English pianist and teacher

Stuart Angus Morrison CBE (28 May 1902 – 23 January 1989) was an English pianist and teacher who played a significant role in the revival of British music during the inter-war years.

==Early career and friendships==
Angus Morrison was born in Bray, near Maidenhead, Berkshire into a musical family, and began playing piano at the age of four. At nine years old he began lessons with Harold Samuel. By 13 he was playing for Margaret Morris's dancing classes in Chelsea. At the age of 16 he was admitted to the Royal College of Music through an open scholarship. His composition teachers there were Thomas Dunhill and Ralph Vaughan Williams, and his contemporaries included Constant Lambert, with whom he enjoyed a lifelong friendship. While at the college, Morrison helped Lambert with the scenario for his early ballet Adam and Eve.

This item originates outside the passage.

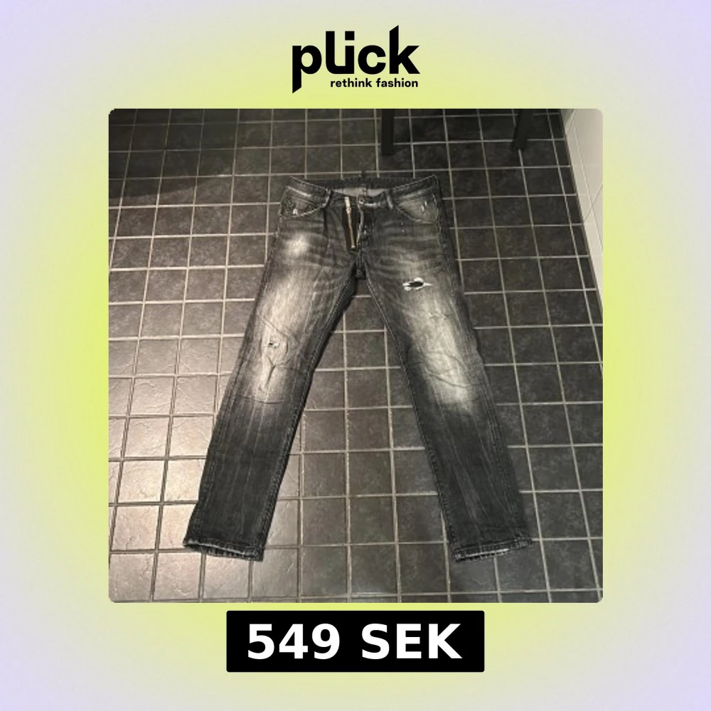 Snygga svarta jeans från DSQUARED2 med slitna detaljer och en cool tvättad look. De har en dragkedja och knappar framtill samt klassiska fem fickor. Perfekta för en trendig stil. Storlek 46 passar som 31/32.

He was the dedicatee of Lambert's The Rio Grande, and played the solo piano part in the first broadcast performance on 27 February 1928 from the BBC's Savoy Hill Studios.

Through Lambert, Morrison also became a close friend of William Walton, and offered help and advice to Walton while he was struggling with the composition of his Viola Concerto and First Symphony.

==Pianist==
Angus Morrison lived at 9, Oakley Street in Chelsea. He made his London debut as a pianist in 1923 at the RCM, playing two pieces by Albéniz and the F minor sonata, Op. 5 by Brahms, and made his Proms debut in 1927. In 1926 he began teaching at the Royal College, carrying on for over 45 years until his retirement in 1975. From the mid-1930s he also played in a trio with violinist Jean Pougnet and cellist Anthony Pini. He was a champion of French and English music in particular, playing John Ireland's Piano Concerto several times, including at the Proms in 1933. Morrison left no recordings.

==Teacher==
At the Royal College his pupils included Armand D'Angour, Ruth Dyson, Colin Horsley, John Lill, Alan Rowlands, Melvyn Tan, Katherine Storr and Julius Drake. He was pianist for the Ballet Rambert from 1931 to 1941, and was music director there between 1940 and 41. He was also an occasional actor, appearing (approximately 36 minutes in) as the pianist in the 1940 film Gaslight. Morrison was appointed a Commander of the Order of the British Empire (CBE) in 1979.

To mark his 80th birthday a concert was held at the Royal College of Music on 27 May 1982, with Morrison once again performing the solo part of The Rio Grande, soloist Mary Hart and the RCM chorus and orchestra conducted by Sir David Willcocks.